Subconsciously he avoided the creaking
step, but outside his mother's door he stopped, arrested by a
greeting from within.
"That you, Jack?" queried Grandma Orde.
For answer Orde pushed open the door, which stood an inch or so
ajar, and entered. A dim light from a distant street-lamp, filtered
through the branches of a tree, flickered against the ceiling. By
its aid he made out the great square bed, and divined the tiny
figure of his mother. He seated himself sidewise on the edge of the
bed.
"Go to Jane's?" queried grandma in a low voice, to avoid awakening
grandpa, who slept in the adjoining room.

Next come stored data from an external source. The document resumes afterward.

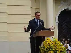 In 2003, after the merger of the Liberal Union, the Modern Christian-Democratic Union and the Lithuanian Centre Union, Zuokas was elected as the first chairman of the new Liberal and Centre Union.[7] He led the party to success in the 2004 parliamentary election, where it won 18 seats - however, he resigned from his seat in order to remain as Mayor of Vilnius.[8] It entered into a coalition led by the Homeland Union after the elections in 2008. Zuokas remained chairman of the party until 2009, when he was embroiled in a corruption scandal regarding the organization of European Capital of Culture activities in Vilnius in 2009. He allowed his favorite Gintautas Babravičius to succeed him in the post.[9]
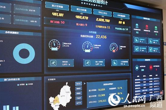 貴港市(shì)政務服務中心大廳内,智慧政務系統顯示著(zhe)各項政務辦理數據。王功孝攝
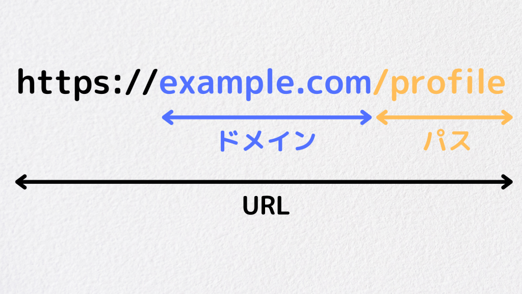 例えば、https://www.example.com/profile というURLに対しては、example.com がドメインです。URLは住所の詳細部分とするならば、ドメインはその住所のメインとなる部分と考えるとわかりやすいでしょう。
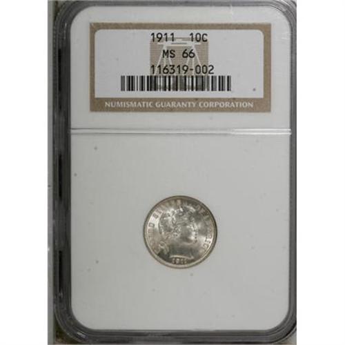 <B>1911 10C MS66 NGC.</B></I> A lustrous, fully brilliant example that is ideal for a Gem type or date set. The surfaces are free of any noticeable abrasions and the strike is razor-sharp. Census: 44 in 66, 13 finer (9/07).<BR><BR><B>Coin Engraver:</B> Charles E. Barber<BR><BR><b>Shipping:</b> Coins & Currency (<a target="_blank" href="http://www.heritageauctions.com/common/shipping.php">view shipping information</a>)
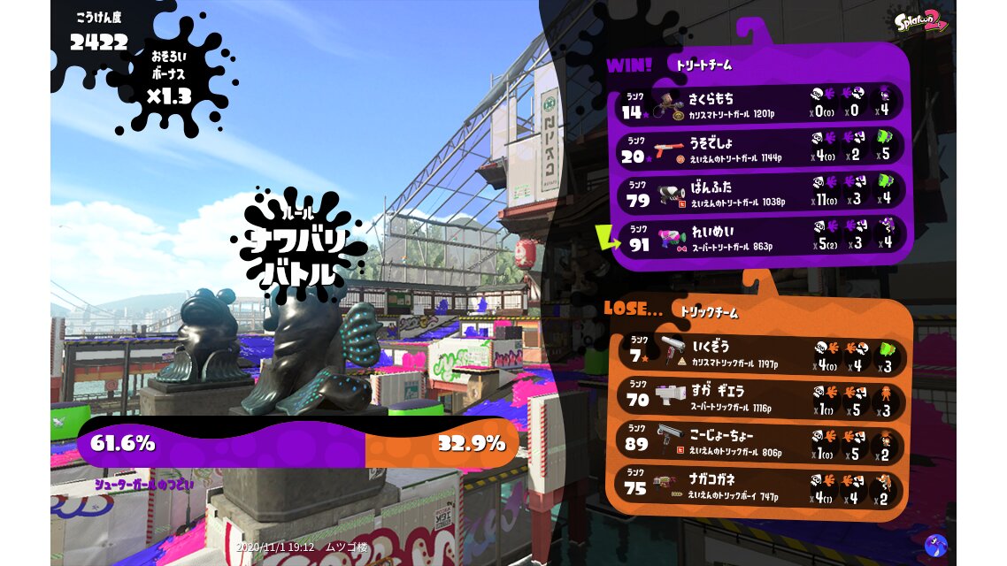 | Splatfest Title | トリート Defender 440 → トリート Champion 57 | ||||||||||||||||||||||||||||||||||||||||
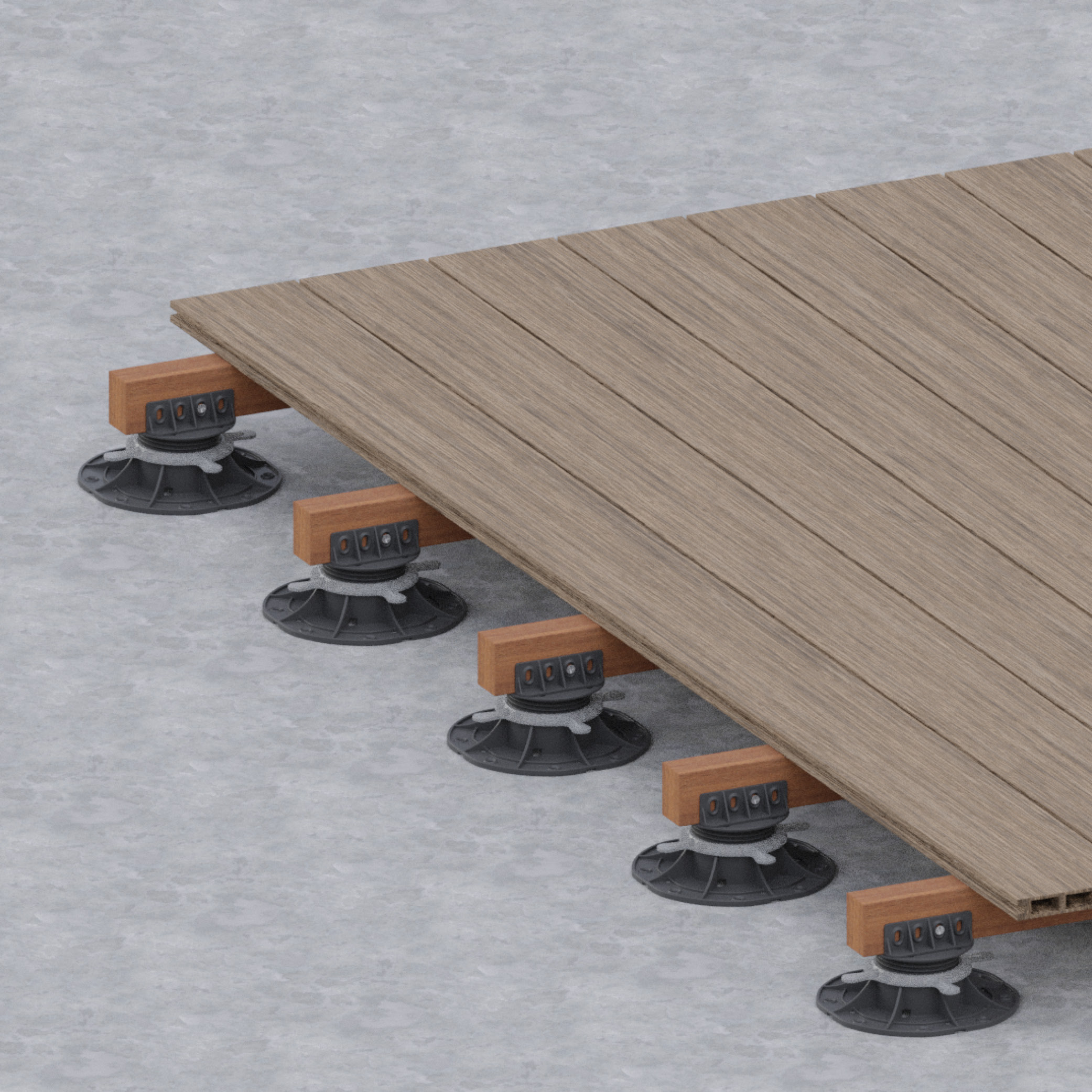 Zodra de terrasbalken/-tegels zijn gelegd, kan de hoogte van de dragers nauwkeurig worden versteld met een moer/schroef.
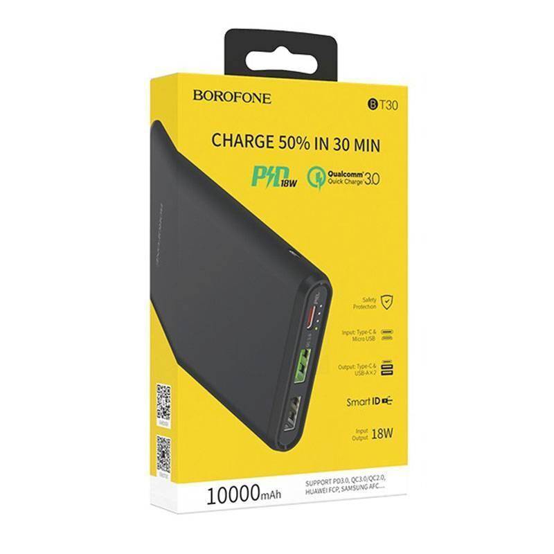 Универсальный дополнительный аккумулятор Power Bank BOROFONE BT30 PD+QC3.0 (10000 mAh) (черный)
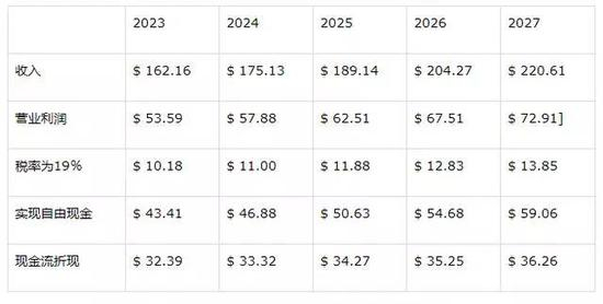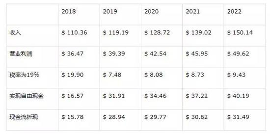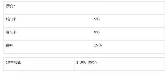 首先,值得注意的是上面表格中的数字是以十亿美元为单位的。 这个模型的其他假设包括8% 的增长率,这是基于过去五年的表现预测的,以及扣除2018年由于美国最近减税导致大量资本从海外流回美国而产生的巨额税收。 这为今后的项目提供了合理的基础,未来10年的增加值总额约为3080亿美元。
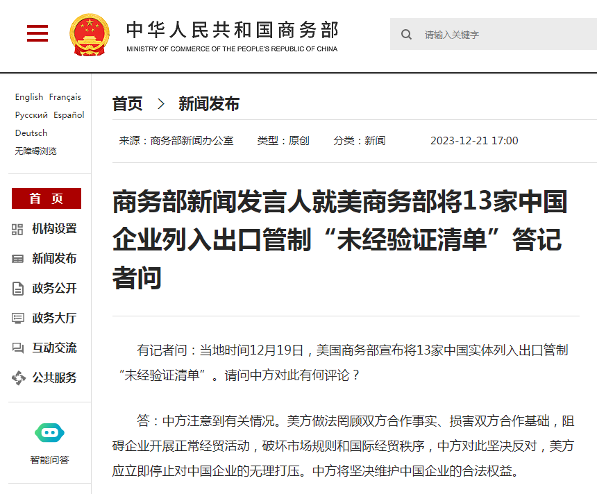 有记者问:当地时间12月19日,美国商务部宣布将13家中国实体列入出口管制“未经验证清单”。请问中方对此有何评论?

"Yes," replied Orde, in the same tone.
"Who was there?"
"Oh, about the usual crowd."
He fell into an abstracted silence, which endured for several
minutes.
"Mother," said he abruptly, at last, "I've met the girl I want for
my wife."
Grandma Orde sat up in bed.
"Who is she?" she demanded.
"Her name is Carroll Bishop," said Orde, "and she's visiting Jane
Hubbard."
"Yes, but WHO is she?" insisted Grandma Orde. "Where is she from?"
Orde stared at her in the dim light.
"Why, mother," he repeated for the second time that day, "blest if I
know that!"
X
Orde was up and out at six o'clock the following morning.